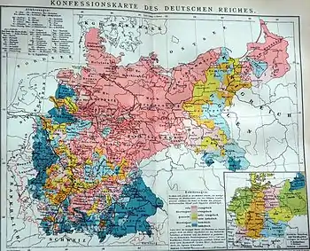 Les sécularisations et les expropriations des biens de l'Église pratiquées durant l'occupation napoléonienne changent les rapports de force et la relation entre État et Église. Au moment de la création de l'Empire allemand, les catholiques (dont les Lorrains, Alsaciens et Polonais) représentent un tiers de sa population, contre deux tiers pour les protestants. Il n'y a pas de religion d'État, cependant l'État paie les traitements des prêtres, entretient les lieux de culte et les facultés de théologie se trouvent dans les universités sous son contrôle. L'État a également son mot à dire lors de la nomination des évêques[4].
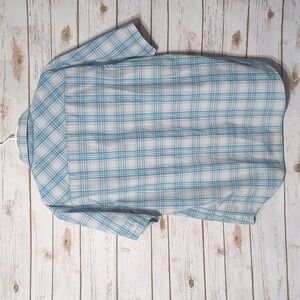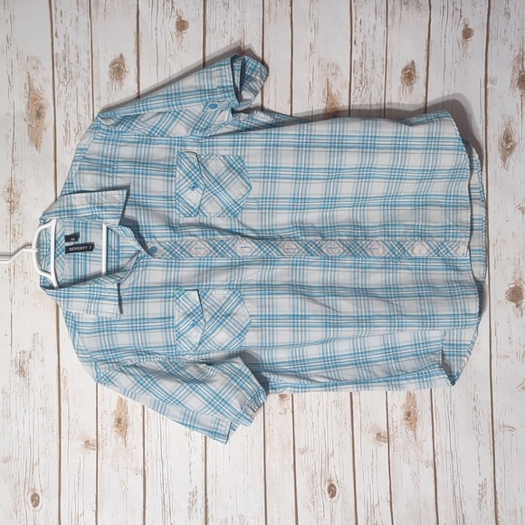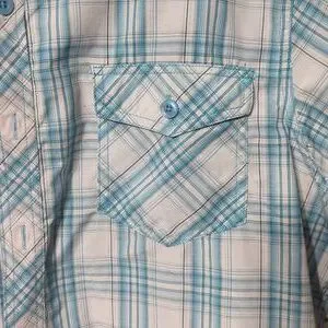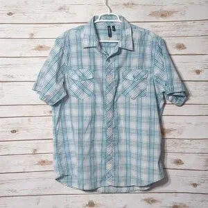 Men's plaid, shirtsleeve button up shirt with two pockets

################

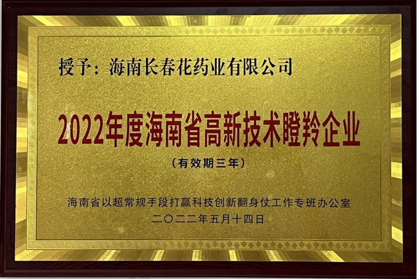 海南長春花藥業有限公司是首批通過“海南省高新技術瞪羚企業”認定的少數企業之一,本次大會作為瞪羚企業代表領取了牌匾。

################

TASK REQUIREMENTS >> From the listing above, repeat only the lines between the line containing "Les sécularisations et" and the line containing "Men's plaid, shirtsleeve", those two included. Pictures are not part of the copy.

RESPONSE TO THE TASK >>
 Les sécularisations et les expropriations des biens de l'Église pratiquées durant l'occupation napoléonienne changent les rapports de force et la relation entre État et Église. Au moment de la création de l'Empire allemand, les catholiques (dont les Lorrains, Alsaciens et Polonais) représentent un tiers de sa population, contre deux tiers pour les protestants. Il n'y a pas de religion d'État, cependant l'État paie les traitements des prêtres, entretient les lieux de culte et les facultés de théologie se trouvent dans les universités sous son contrôle. L'État a également son mot à dire lors de la nomination des évêques[4].
 Men's plaid, shirtsleeve button up shirt with two pockets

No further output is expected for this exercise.